Acquired epilepsy is a chronic condition that requires life-long medication and is often drug- resistant. The development of more efficient drugs to prevent or reduce epilepsy is currently hindered by a gap in knowledge of how an epilepsy-precipitating event turns a healthy brain into a brain that produces spontaneous recurrent seizures. This process, known as epileptogenesis, is thought to be highly complex. Halting or preventing epileptogenesis thus most likely requires the concerted manipulation of many different molecular networks and pathways. It is therefore plausible that treatment strategies targeting regulatory mechanisms that control multiple of these cellular pathways at once will be most successful. This research will address this challenge by analyzing how a potent regulator of the expression of hundreds of genes, the microRNA-induced silencing complex (RISC), contributes to epileptogenic processes after status epilepticus (SE). Previous work supports a role of microRNAs and the RISC in epilepsy development by showing that select microRNAs and mRNAs are recruited to the RISC after seizure, and that inhibition of single microRNAs reduces seizure susceptibility and epileptogenesis in rodent epilepsy models. Yet, the molecular mechanisms and pathways underlying the seizure-mitigating effects of microRNA manipulation are largely unknown. The overall hypothesis of this research is that SE induces changes in RISC and microRNA function that enhance epileptogenic and decrease neuroprotective pathways. Inhibiting these changes may prevent or impair the development of epilepsy. This hypothesis will be tested with two aims.

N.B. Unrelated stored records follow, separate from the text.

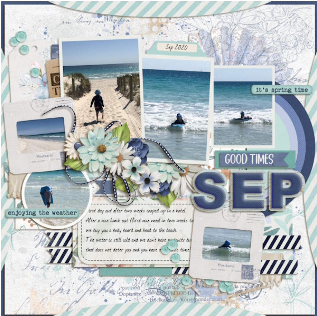
Layout by Lou Smith

Another way to group elements together can be by attaching them together or placing them on a common mat or surface.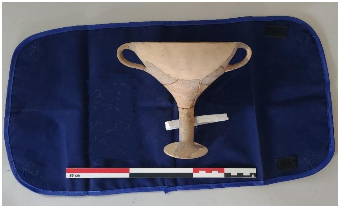
Figure 4. The high stemmed conical kylix from Building 1 restored. (see, Sideris 2022).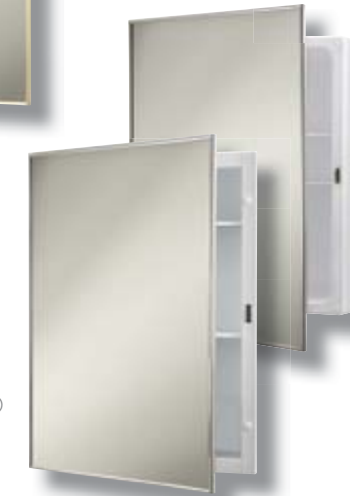
Styleline 614 Surface mount plastic housing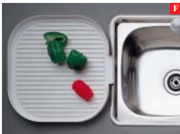
In addition to capturing water and returning it to the bowl, drainer tray (AC 200) is a convenient place for the drying of dishes, pots and cutlery.

Aim 1 will follow an unbiased approach using cell type- specific immunoprecipitation of the RISC, RNA sequencing and genetic knockdown strategies to reveal the nature and functional relevance of molecular pathways that are differentially regulated by the RISC after SE in mice.
Aim 2 will follow a candidate-based approach using ribosomal tagging and functional assays together with antisense-mediated microRNA inhibition to reveal the cell-specific translatome of a pro-convulsive microRNA and how it contributes to epileptogenesis after SE. Based on complementing expertise of neuroscientists and computational biologists, the approach to perform screens of RISC and microRNA target regulation after SE paired with pathway and functional analyses is expected to generate unique information about the complex processes regulating epileptogenesis. The innovative strategy using RISC association as a surrogate for microRNA function, and association of mRNAs with the RISC or actively translating ribosomes as a surrogate for their silencing or translation, respectively, is expected to provide an improved functional assessment of the silencing activity of microRNAs and the effect on target mRNAs compared to previous expression analyses. This study will fill a crucial gap in the understanding of RISC function, protein expression and pathway dysregulation in epileptogenesis, which will be vital to advance microRNA-induced silencing as therapeutic target. Seen from a broader perspective, this strategy could serve as a blueprint for RISC analysis in other diseases.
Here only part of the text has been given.